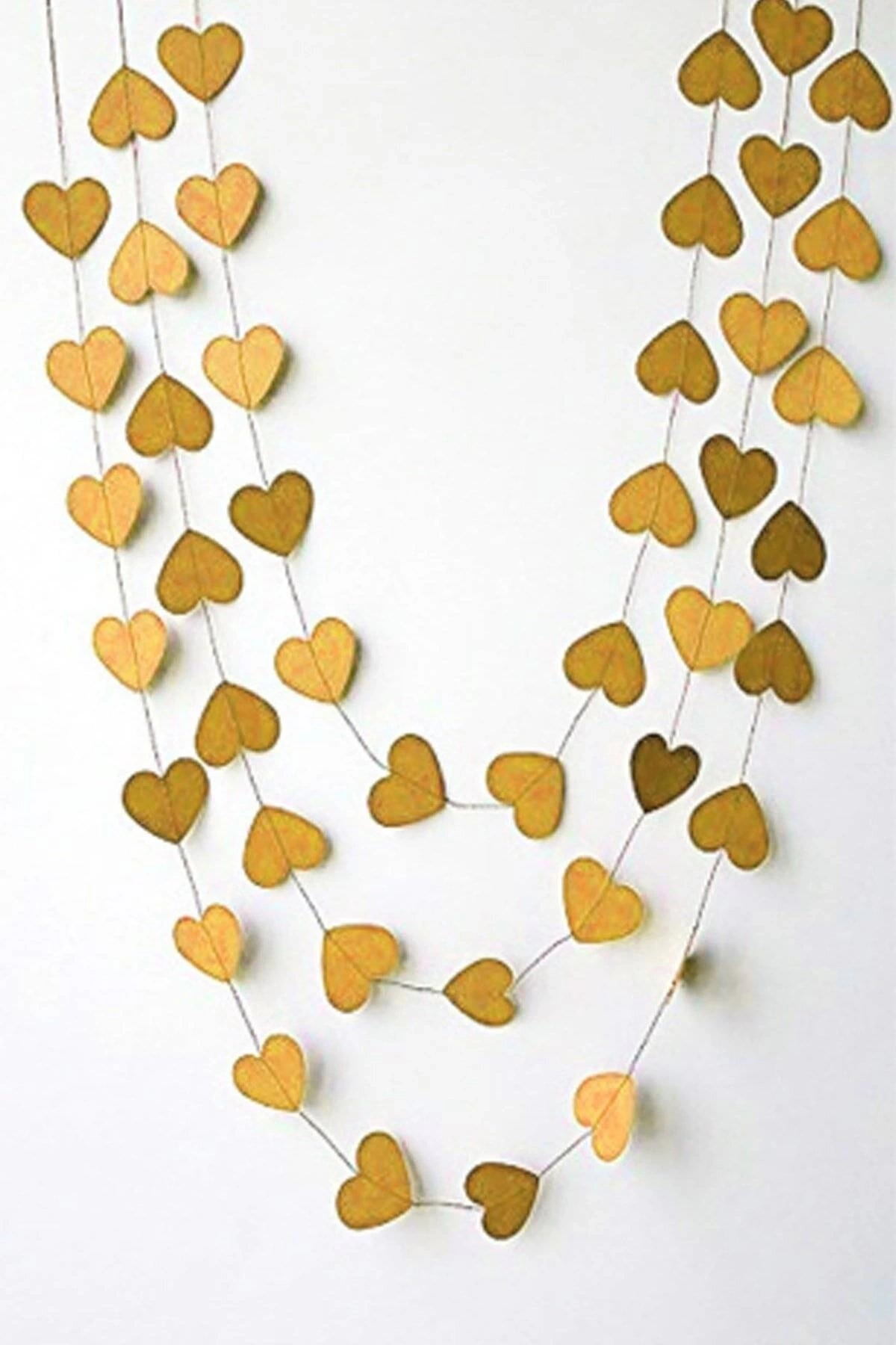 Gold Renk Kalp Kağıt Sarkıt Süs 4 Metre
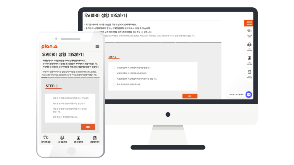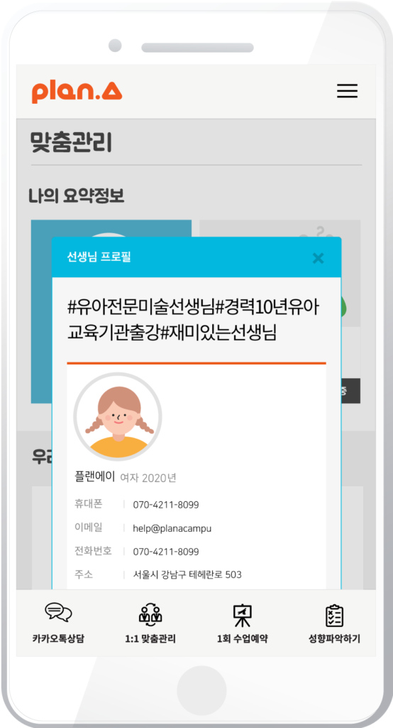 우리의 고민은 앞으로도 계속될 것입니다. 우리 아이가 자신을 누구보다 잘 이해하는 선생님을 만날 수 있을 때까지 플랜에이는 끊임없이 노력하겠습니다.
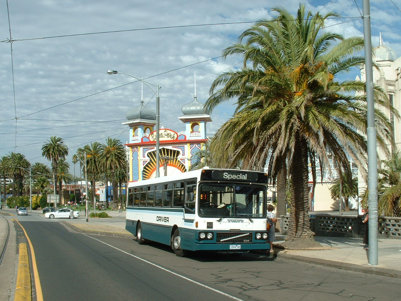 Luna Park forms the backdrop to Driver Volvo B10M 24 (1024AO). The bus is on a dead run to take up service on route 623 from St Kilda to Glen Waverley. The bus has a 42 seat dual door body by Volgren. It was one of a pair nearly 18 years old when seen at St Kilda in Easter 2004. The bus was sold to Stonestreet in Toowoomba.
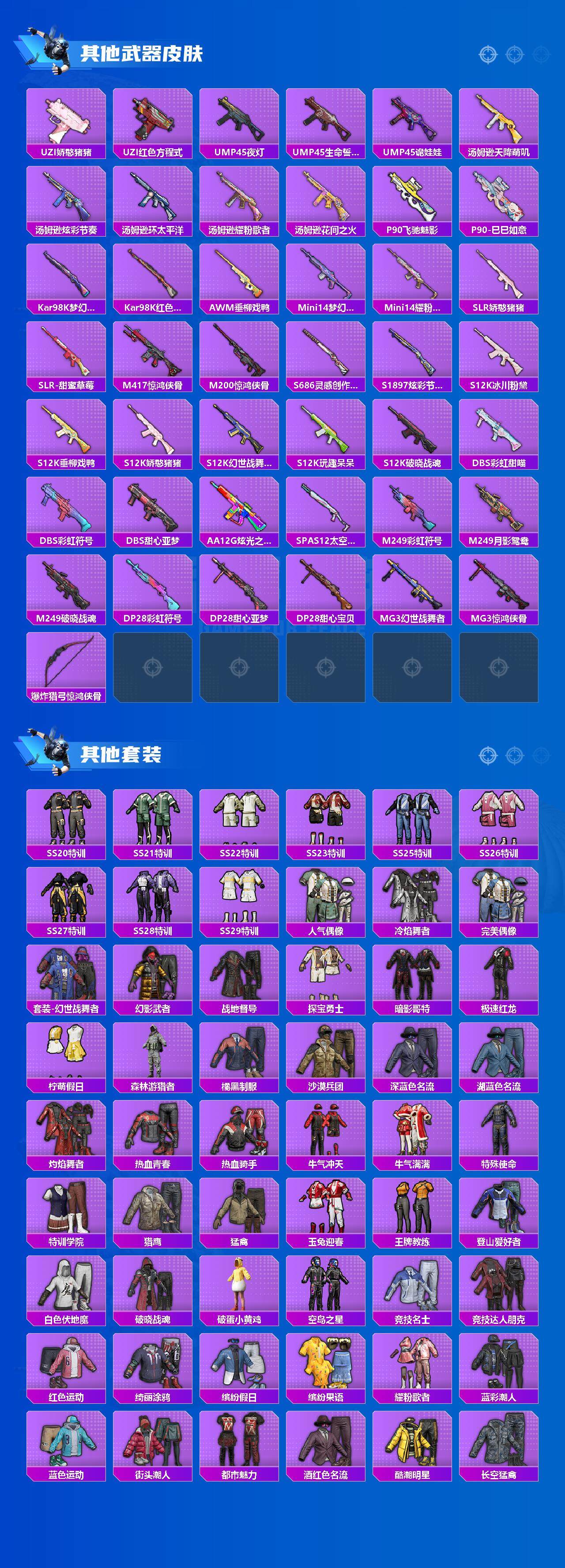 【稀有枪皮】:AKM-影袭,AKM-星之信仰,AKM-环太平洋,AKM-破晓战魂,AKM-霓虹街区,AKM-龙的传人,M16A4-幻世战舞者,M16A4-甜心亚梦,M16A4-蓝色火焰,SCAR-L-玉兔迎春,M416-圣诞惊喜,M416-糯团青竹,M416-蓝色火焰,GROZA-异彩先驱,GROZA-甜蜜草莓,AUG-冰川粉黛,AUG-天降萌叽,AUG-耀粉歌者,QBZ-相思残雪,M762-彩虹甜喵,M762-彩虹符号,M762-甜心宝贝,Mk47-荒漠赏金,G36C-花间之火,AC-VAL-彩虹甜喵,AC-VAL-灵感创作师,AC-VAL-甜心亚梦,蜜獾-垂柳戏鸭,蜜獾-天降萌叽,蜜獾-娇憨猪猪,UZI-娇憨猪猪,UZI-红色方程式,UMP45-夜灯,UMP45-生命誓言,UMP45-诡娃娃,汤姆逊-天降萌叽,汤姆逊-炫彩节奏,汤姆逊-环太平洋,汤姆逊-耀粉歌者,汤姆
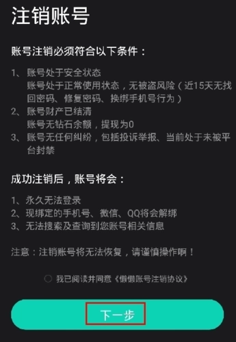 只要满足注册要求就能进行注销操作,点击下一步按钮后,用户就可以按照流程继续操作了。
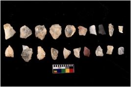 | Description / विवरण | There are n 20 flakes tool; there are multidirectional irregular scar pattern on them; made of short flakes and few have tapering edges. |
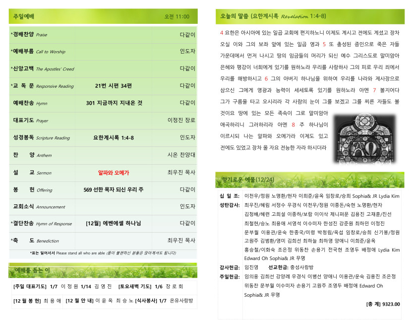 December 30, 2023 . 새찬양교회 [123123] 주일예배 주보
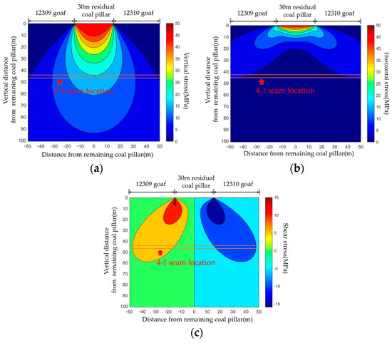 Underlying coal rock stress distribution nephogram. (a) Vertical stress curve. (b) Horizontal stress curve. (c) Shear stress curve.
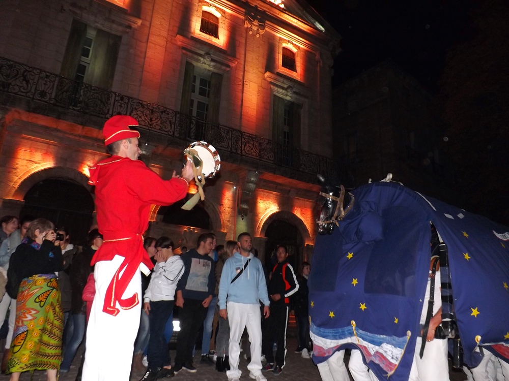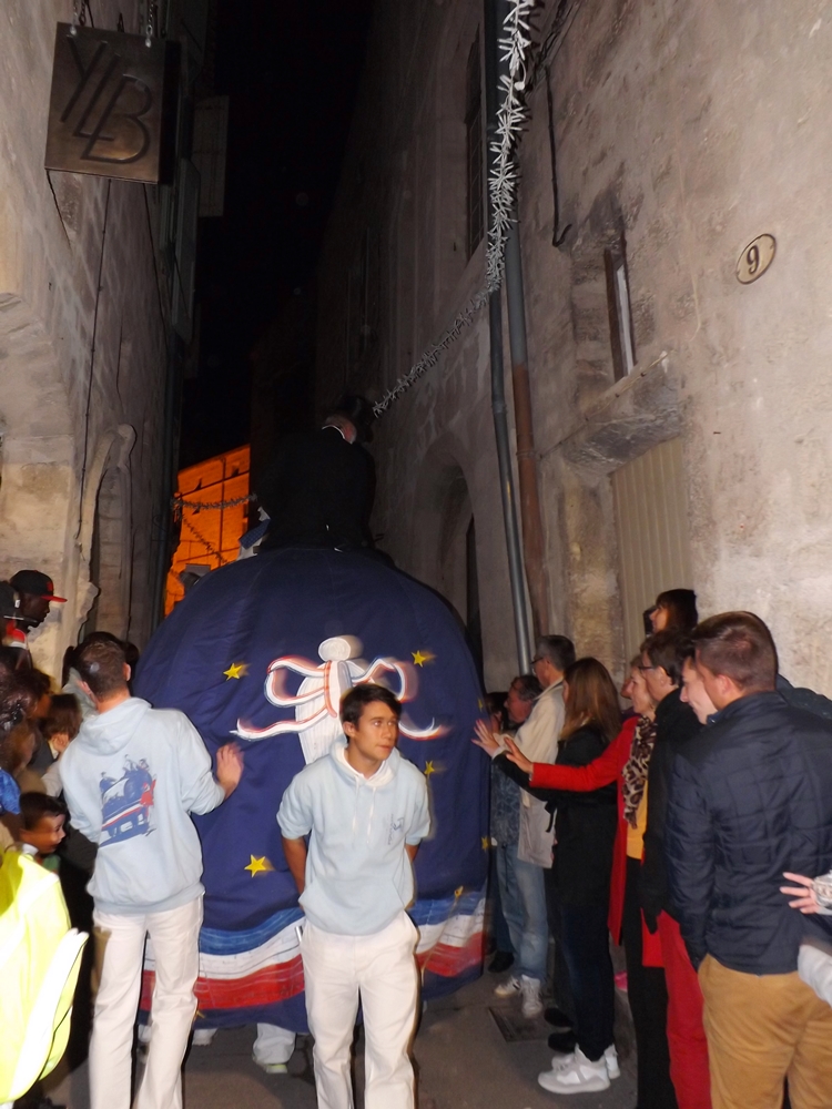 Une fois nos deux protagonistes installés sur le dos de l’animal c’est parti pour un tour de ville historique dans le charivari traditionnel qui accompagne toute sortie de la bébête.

--------------------

## What to produce
The result should be an exact copy of only the lines above from the one that holds "우리의 고민은 앞으로도" through the one that holds "Luna Park forms", both ends included, without pictures.

## Exercise output
 우리의 고민은 앞으로도 계속될 것입니다. 우리 아이가 자신을 누구보다 잘 이해하는 선생님을 만날 수 있을 때까지 플랜에이는 끊임없이 노력하겠습니다.
 Luna Park forms the backdrop to Driver Volvo B10M 24 (1024AO). The bus is on a dead run to take up service on route 623 from St Kilda to Glen Waverley. The bus has a 42 seat dual door body by Volgren. It was one of a pair nearly 18 years old when seen at St Kilda in Easter 2004. The bus was sold to Stonestreet in Toowoomba.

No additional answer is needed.